[Items listed in a dataset]
------------------------------------------------

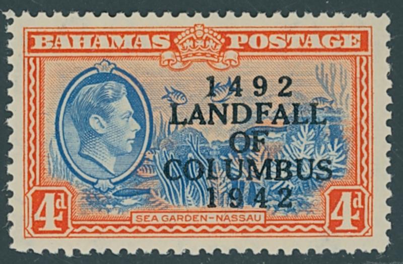 Bahamas. 1942 Landfall of Columbus 4d. light-blue and red-orange, variety 'coiumbus', very lightly mounted mint; fine. S.G. 168a, £1,000 (Image1)
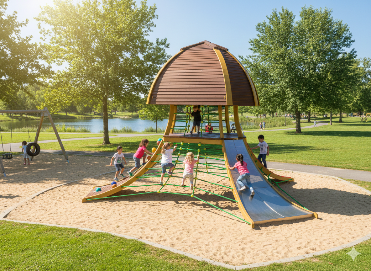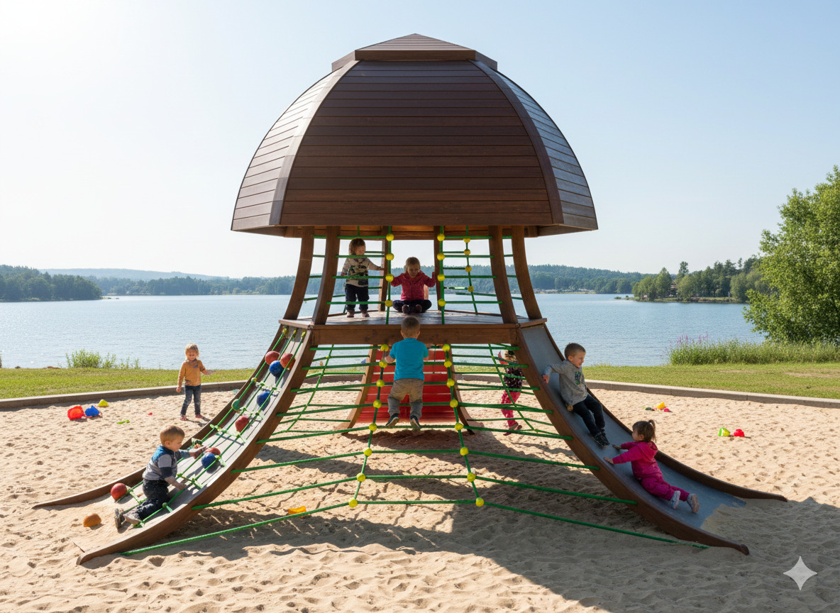 Mänguväljaku konstruktsioon on valmistatud liimpuidust, mis on tugev ja koormustele vastupidav, ning immutatud ilmastikukindla puidukaitsevahendiga. Puitosad on ühendatud pulbervärvitud metallkanduritega. Detailide vahele on paigaldatud terassüdamikuga köis. Liumäe materjali valikus on roostevaba terasplekk või plastkate. Ronimisnõlvade kattematerjaliks on sügavimmutatud höövelpuit.
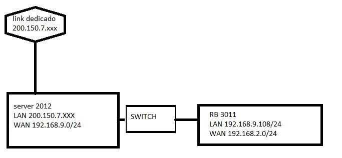 O Windows server 2012 recebe o link dedicado e após ele, esta a RB. Até ai sem problemas; eu acesso o server para acessar a rb, mas, mesmo dentro do servidor, nao consigo acessar as antenas dos clientes! Aguem pode me ajudar com esse redirecionamento?
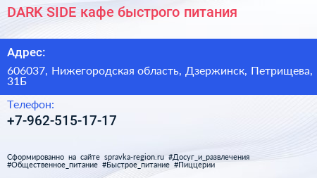 DARK SIDE, кафе быстрого питания по адресу 606037, Нижегородская область, Дзержинск, Петрищева, 31Б в дальнейшем Организация, размещена в следующих категориях:
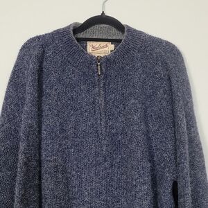 Woolrich Mens Wool 1/4 Zipper Sweater Size L Navy Blue Outdoor Warm Winter
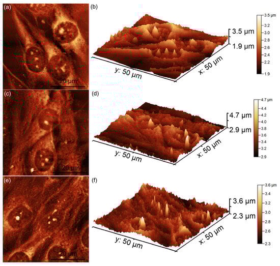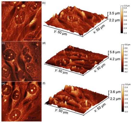 As demonstrated in previous studies by Knápek et al. [,], AFM non-contact mode allows reliable and non-destructive surface analysis. The 2D AFM topographies revealed that MG63 cells adhered to all tested surfaces after 48 h of incubation. However, some minor morphological differences were observed based on the irradiation dose. On the unirradiated and 8 Gy-irradiated MgHApCs layers, the cells displayed elongated and well-oriented morphologies, indicative of healthy fibroblastic-like MG63 cells. These findings suggest that the surfaces provided favorable conditions for MG63 cell attachment and development (Figure 8a–f).
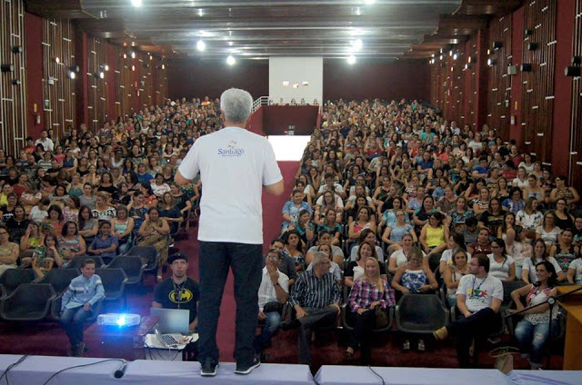 Santiago – Os professores municipais receberam as boas-vindas da secretária Mara Rebelo e do prefeito Tiago Gorski antes da palestra do escritor Eduardo Shinyashiki, que abordou o tema “Abrace sua missão: vença desafios e construa o futuro”. Mais de 500 lotaram o auditório do Colégio Medianeira na última sexta, 16 para a abertura do ano letivo na rede municipal.
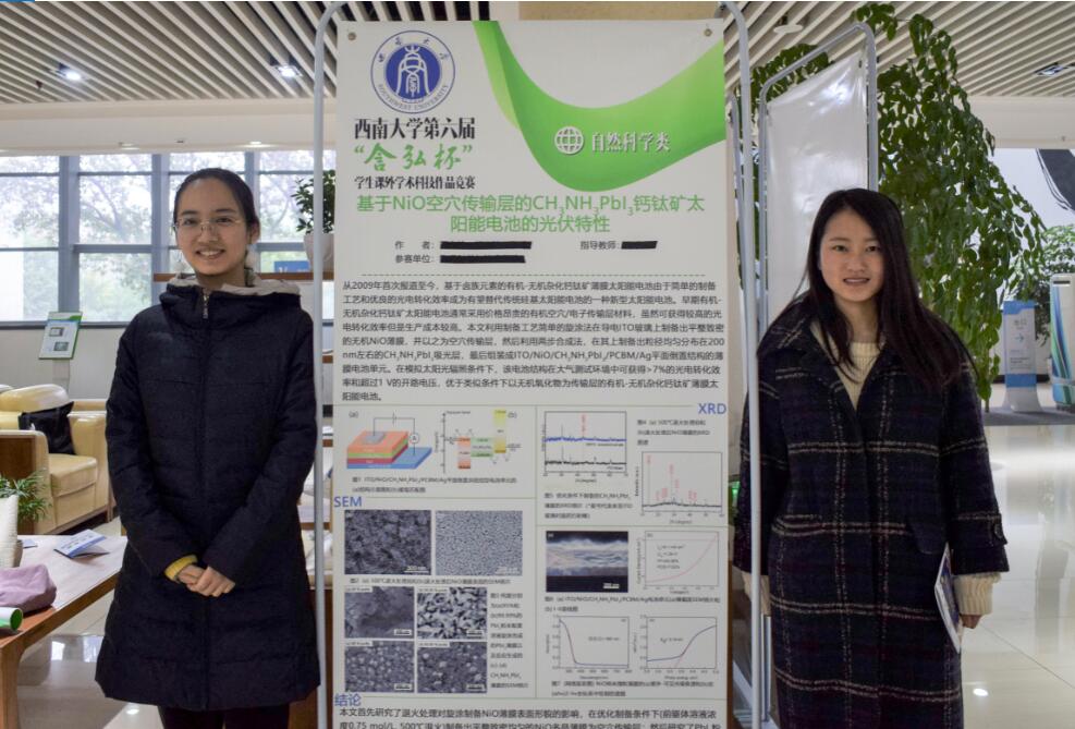 12月16日,学校第六届“含弘杯”学生课外学术科技作品竞赛终审决赛在中心图书馆落下帷幕。2015级普师班翟文静、邢玉陟、张叶同学的参赛作品《基于NiO空穴传输层的CH3NH3PbI3钙钛矿太阳能电池的光伏特性》斩获自然科学类一等奖,2015级师范班邹华、张蕊、宋昱儒同学的参赛作品《钴镍钼复合电极材料的合成及其超级电容性能研究》荣获优秀奖。
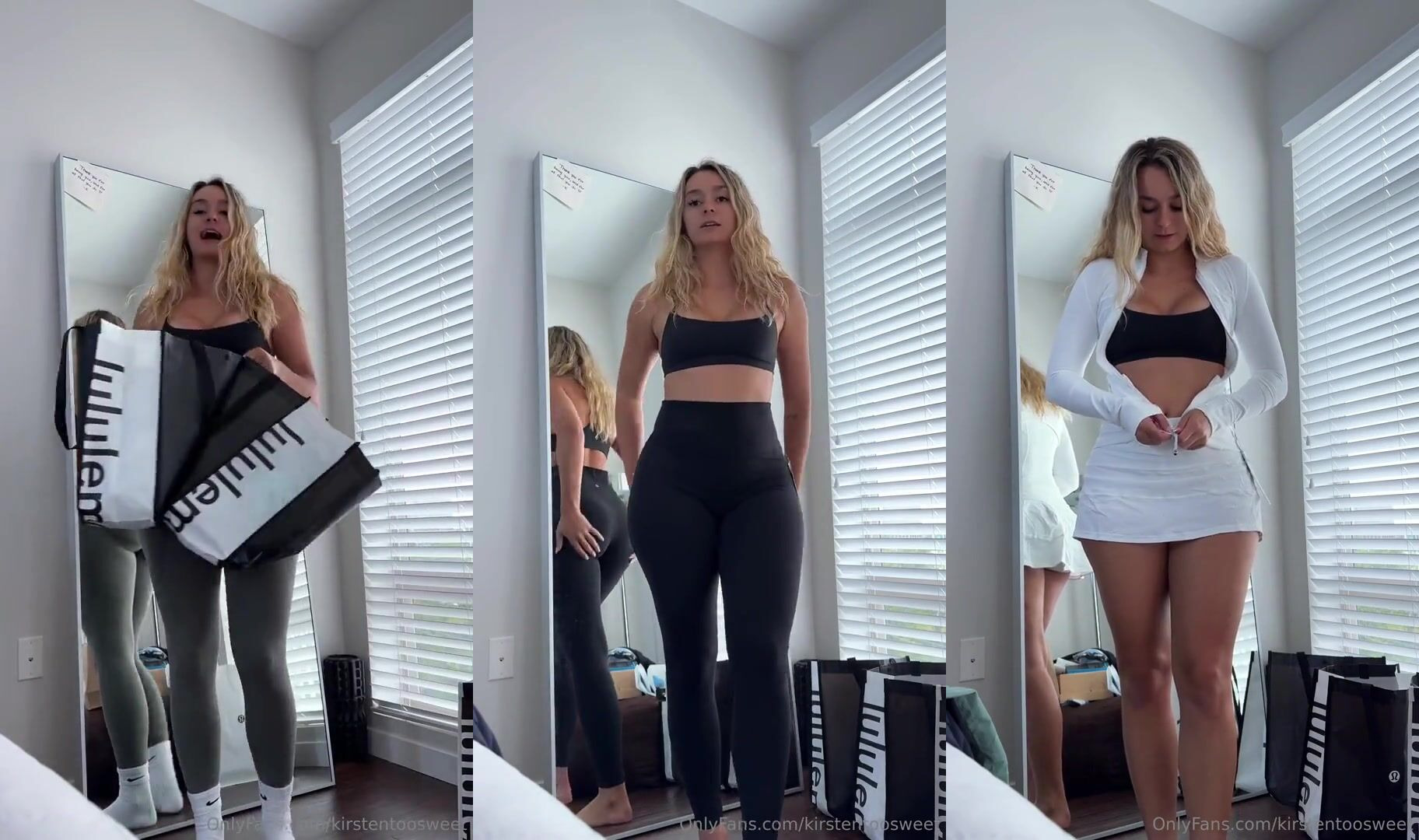 Blonde bombshell KirstenTooSweet teases in a sexy try-on haul, showing off her curves in tight outfits and crop tops in this exclusive OnlyFans video.

------------------------------------------------

__YOUR ASSIGNMENT__:
Transcribe every record exactly and omit each image.

__SOLVED EXERCISE__:
 Bahamas. 1942 Landfall of Columbus 4d. light-blue and red-orange, variety 'coiumbus', very lightly mounted mint; fine. S.G. 168a, £1,000 (Image1)
 Mänguväljaku konstruktsioon on valmistatud liimpuidust, mis on tugev ja koormustele vastupidav, ning immutatud ilmastikukindla puidukaitsevahendiga. Puitosad on ühendatud pulbervärvitud metallkanduritega. Detailide vahele on paigaldatud terassüdamikuga köis. Liumäe materjali valikus on roostevaba terasplekk või plastkate. Ronimisnõlvade kattematerjaliks on sügavimmutatud höövelpuit.
 O Windows server 2012 recebe o link dedicado e após ele, esta a RB. Até ai sem problemas; eu acesso o server para acessar a rb, mas, mesmo dentro do servidor, nao consigo acessar as antenas dos clientes! Aguem pode me ajudar com esse redirecionamento?
 DARK SIDE, кафе быстрого питания по адресу 606037, Нижегородская область, Дзержинск, Петрищева, 31Б в дальнейшем Организация, размещена в следующих категориях:
 Woolrich Mens Wool 1/4 Zipper Sweater Size L Navy Blue Outdoor Warm Winter
 As demonstrated in previous studies by Knápek et al. [,], AFM non-contact mode allows reliable and non-destructive surface analysis. The 2D AFM topographies revealed that MG63 cells adhered to all tested surfaces after 48 h of incubation. However, some minor morphological differences were observed based on the irradiation dose. On the unirradiated and 8 Gy-irradiated MgHApCs layers, the cells displayed elongated and well-oriented morphologies, indicative of healthy fibroblastic-like MG63 cells. These findings suggest that the surfaces provided favorable conditions for MG63 cell attachment and development (Figure 8a–f).
 Santiago – Os professores municipais receberam as boas-vindas da secretária Mara Rebelo e do prefeito Tiago Gorski antes da palestra do escritor Eduardo Shinyashiki, que abordou o tema “Abrace sua missão: vença desafios e construa o futuro”. Mais de 500 lotaram o auditório do Colégio Medianeira na última sexta, 16 para a abertura do ano letivo na rede municipal.
 12月16日,学校第六届“含弘杯”学生课外学术科技作品竞赛终审决赛在中心图书馆落下帷幕。2015级普师班翟文静、邢玉陟、张叶同学的参赛作品《基于NiO空穴传输层的CH3NH3PbI3钙钛矿太阳能电池的光伏特性》斩获自然科学类一等奖,2015级师范班邹华、张蕊、宋昱儒同学的参赛作品《钴镍钼复合电极材料的合成及其超级电容性能研究》荣获优秀奖。
 Blonde bombshell KirstenTooSweet teases in a sexy try-on haul, showing off her curves in tight outfits and crop tops in this exclusive OnlyFans video.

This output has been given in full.